Lastly, the consultancy provided guidance on setting up open-source observability tools on Kubernetes. We implemented Prometheus and Grafana to monitor application health metrics through a dashboard. We explored both Loki and Graylog for logging tools in Kubernetes and ultimately chose Graylog due to Loki’s limited functionality at the time. It’s worth noting that Loki has since made significant advancements and may now serve as a suitable built-in logging tool integrated with Grafana.
In general, by seeking guidance from experts, I was able to avoid many issues during this phase. However, there was still much to learn, additional tools to explore, and room for further improvements.
Lastly, I want to share my recent learnings from working at my current company, Brex. When I joined in January 2020, Brex already had a Foundation organization consisting of multiple teams responsible for maintaining our build and release process, as well as our cloud infrastructure, including multiple Kubernetes clusters. In January 2021, I transitioned into this organization and gained invaluable knowledge from my experienced colleagues, particularly regarding software releases and Kubernetes cluster management.

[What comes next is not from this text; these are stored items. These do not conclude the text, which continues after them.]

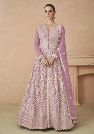 Buy Sublime Georgette Rosy Brown Anarkali Salwar Kameez online.
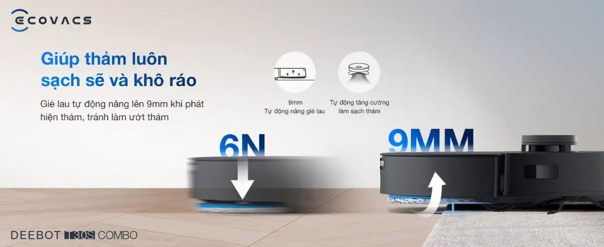Với công nghệ nhận dạng siêu âm, robot có thể tự động nâng giẻ lau lên 9mm khi phát hiện thảm, ngăn ngừa tình trạng ẩm thảm và lây nhiễm chéo.
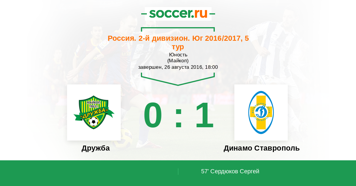 Дружба - Динамо Ставрополь: обзор матча 26 августа 2016
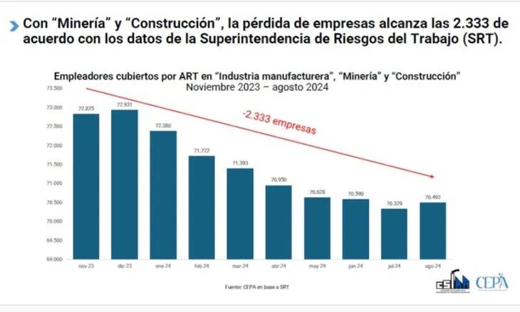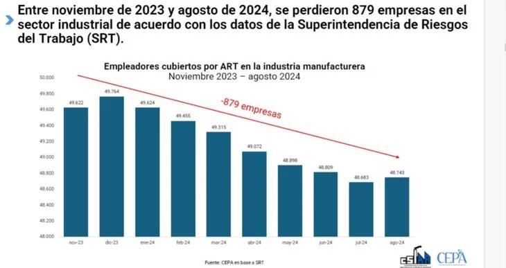Entre noviembre de 2023 y agosto de 2024, se perdieron 38.532 puestos de trabajo en el sector industrial. Y, si se incluye a la minería y la construcción, la pérdida asciende a 126.050, de acuerdo con los datos de la Superintendencia de Riesgos del Trabajo (SRT). A su vez, desaparecieron 879 empresas en la industria manufacturera. El 92% de las entidades sindicales declaró que el uso de la capacidad instalada se mantiene igualo desmejoró desde el inicio del mandato de Milei.
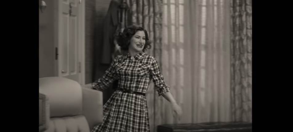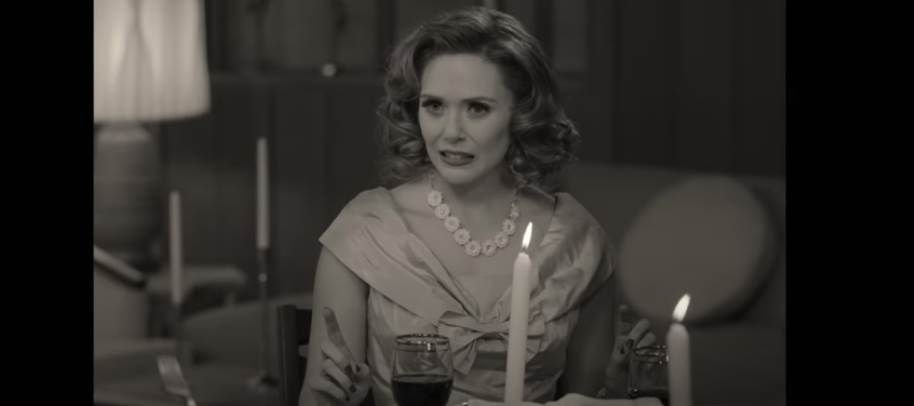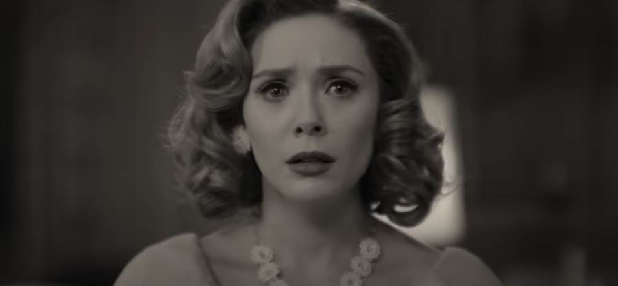 The aspect ratio of the trailer slowly transitions and the next shot fades from black and white to color while Wanda asks “Is this really happening?”

Initially, we used Helm to template and create new releases for each microservice’s Kubernetes resources. We would then utilize our custom deployment manager to apply updated Helm charts to the cluster and roll out changes. However, we eventually transitioned to a GitOps approach, leveraging the Flux open-source project. GitOps allows us to easily track and reproduce the cluster’s current state by maintaining all Kubernetes resources in a Git repository. This repository serves as the single source of truth for our Kubernetes cluster, and Flux operators continuously monitor the repository for updates, automatically reconciling and applying changes to the cluster. This approach provides better visibility into the expected state of the cluster and facilitates troubleshooting any discrepancies between the GitOps state and the cluster state. It’s worth noting that while we no longer rely on Helm for the GitOps approach, we still utilize its templating engine. Our CI/CD process generates finalized Kubernetes resources and Flux-compliant Kustomizations, which are then managed by another custom release management service.
Once again, learning from knowledgeable teammates and collaborating on these systems has been immensely valuable. I’ve gained significant insights from our build platform, release platform, and cloud infrastructure teams, who continuously enhance the maturity of our clusters. The rapid growth of the company and its underlying infrastructure has contributed to my own professional growth and expanded expertise.
Reflecting on these learnings, if I were starting a new company, I would likely reconsider using Kubernetes initially, despite my current comfort with it. There are simpler services like Amazon Elastic Container Service (ECS) for deploying containerized workflows on AWS. The cognitive overhead for developers to run their software on Kubernetes has been an important realization. Most developers may not possess the knowledge or time to fully understand the intricacies of Kubernetes. For smaller companies without the necessary resources to abstract and maintain these systems, it could potentially slow down developers or introduce unnecessary issues. However, as a company scales and has multiple software projects to deploy, Kubernetes becomes a suitable choice because of its ability to leverage platform characteristics across all applications.